Había un hombre en el techo de la casa del viejo Benjamín. La saludó. Adelia le devolvió el saludo.

– ¿Quién es?

– Coker, el techador -le dijo Matilda B.-. Cree que su pie está mejor y que hay que cambiar una o dos tejas.

– ¿Lo hace a cambio de nada?

– Por supuesto -afirmó Matilda, guiñando un ojo-. ¿Acaso el doctor no le curó el pie?

Adelia había adjudicado a la falta de modales la ingratitud de los pacientes de Cambridge, que raramente o nunca se mostraban complacidos con el tratamiento que recibían del doctor Mansur y su ayudante. Habitualmente abandonaban la sala con el mismo aspecto hosco con que entraban, en agudo contraste con los salernitanos, que dedicaban cinco minutos a elogiarla.

Pero no fue solo la reparación del techo: un suculento pato -ofrecido por la esposa del herrero cuyos ojos ya no supuraban- les esperaba para la cena. Un frasco de miel, una cesta con huevos, una porción de manteca y una vasija conteniendo algo de aspecto repulsivo que resultó ser hinojo marino habían sido depositados anónimamente en la puerta de la cocina, lo que sugería que los habitantes de Cambridge optaban por formas de agradecimiento muy específicas.

Sin embargo, faltaba algo importante: ¿dónde estaba Ulf?

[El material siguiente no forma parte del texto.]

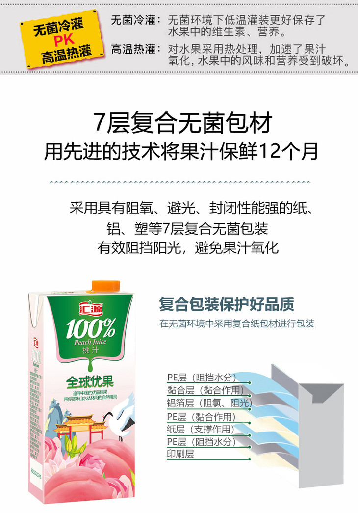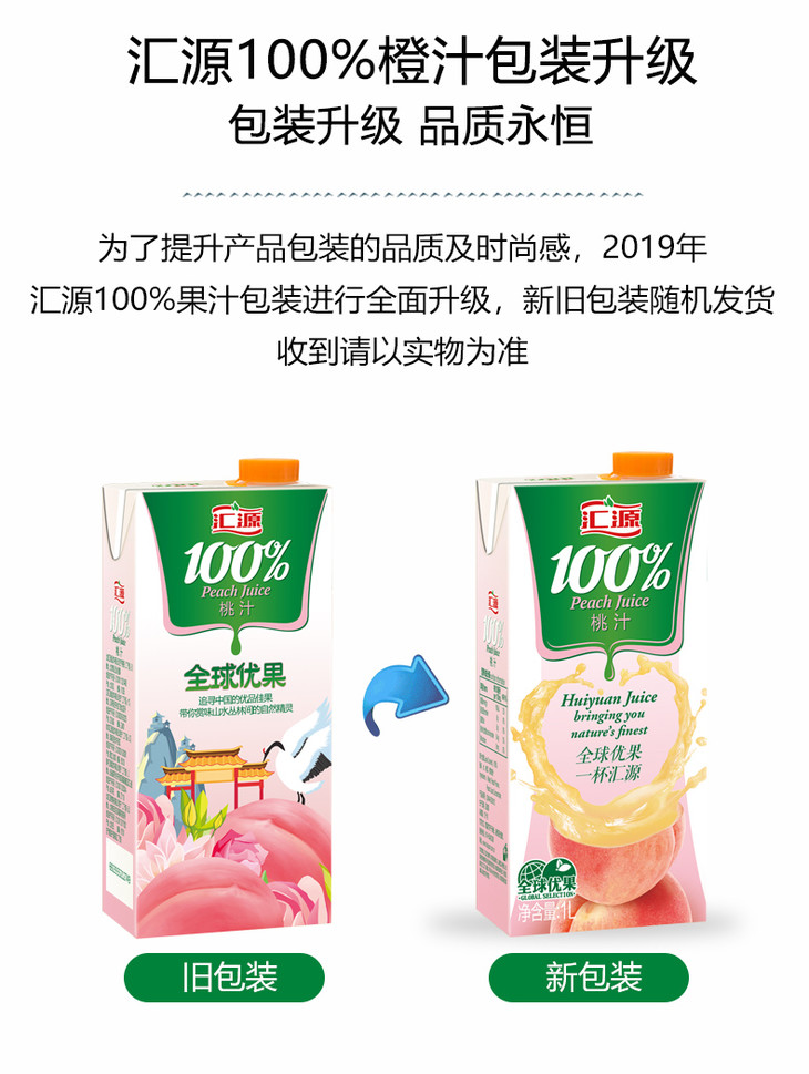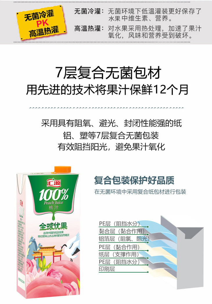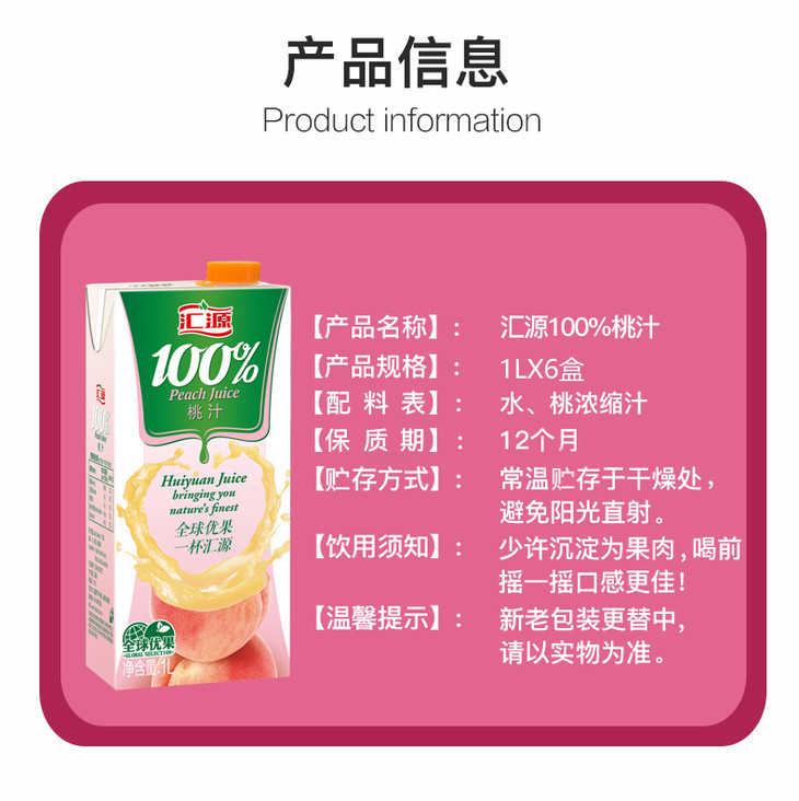 [饮料]汇源100%桃汁复合果汁1L
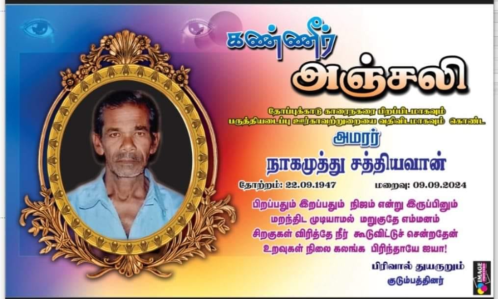 HomeMemorial Dayநாகமுத்து சத்தியவான் மறைவு 09-09-2024 Posted in Funeral Memorial Day Thoppukkadu நாகமுத்து சத்தியவான் மறைவு 09-09-2024 Posted on September 9, 2024November 3, 2025 by Programs Thoppukkadu
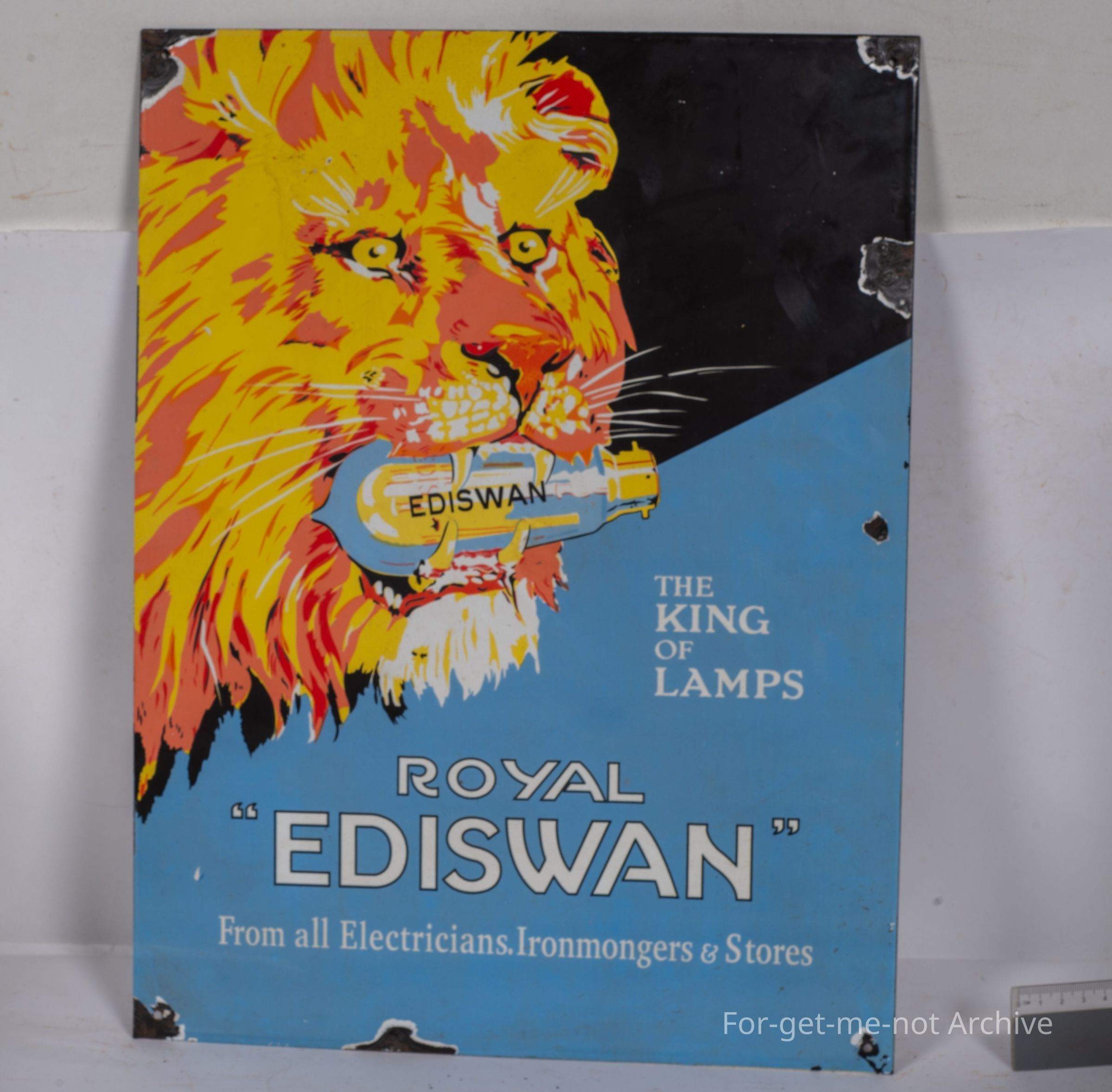 Sangeet Collection . This is quite a colourful pictorial sign, advertising Royal Ediswan, king of all lamps with a pictorial of a lion holding a light globe from all electricians, ironmongers, and stores. This one is not a reproduction. It is a genuine manufactured enamel sign of really good quality.Collection

Matilda B. señaló el río, donde se distinguía una gorra marrón entre los juncos, debajo de un aliso.

– Está pescando truchas para la cena, Gyltha no debe preocuparse, le tenemos bien vigilado. Le ordenamos que no se moviera de ese lugar, ni por jujubes ni por ninguna otra cosa.

– Os ha echado de menos -señaló Matilda W.

– Y yo a él.

Era verdad, aun en medio de la lucha feroz para salvar a Rowley Picot había lamentado la ausencia del chico y le había mandado mensajes con Gyltha. El ramo de prímulas atadas con un lazo que Ulf le había enviado con su abuela «para deciros que lamenta la pérdida que habéis sufrido» estuvo a punto de hacerla llorar. Ese nuevo amor que sentía irradiaba su luz hacia los demás. Con la muerte de Simón su brillo se proyectaba en aquellos que, ahora comprendía, se habían convertido en seres necesarios para su bienestar. Ulf no era sólo el chico sentado en un cubo, con el ceño fruncido, entre los juncos del Cam, con una caña casera en sus manos mugrientas.

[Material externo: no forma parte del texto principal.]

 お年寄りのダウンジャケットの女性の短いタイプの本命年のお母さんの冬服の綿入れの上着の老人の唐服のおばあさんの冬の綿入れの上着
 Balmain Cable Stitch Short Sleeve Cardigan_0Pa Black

– Hacedme un hueco -le dijo Adelia-. Dejad que esta dama se siente.

El chico se movió a regañadientes y ella ocupó su sitio. A juzgar por la cantidad de truchas que se retorcían en la cesta, Ulf había acertado con el lugar. Era un arroyo que brotaba entre los juncos y se abría paso a través del limo, formando un canal de tamaño respetable antes de llegar al Cam.

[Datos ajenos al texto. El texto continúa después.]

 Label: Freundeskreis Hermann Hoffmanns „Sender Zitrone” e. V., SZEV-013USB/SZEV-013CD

Si se comparaba con la zanja que estaba al otro lado de la ciudad -el King's Ditch, un dique pestilente y estancado que alguna vez había servido para repeler a los invasores daneses-, el Cam era limpio; pero Adelia temía que el pescado, que forzosamente comían los viernes, no podía estar en buen estado si provenía de un río al que se vertían excrementos y ganado de todo el condado.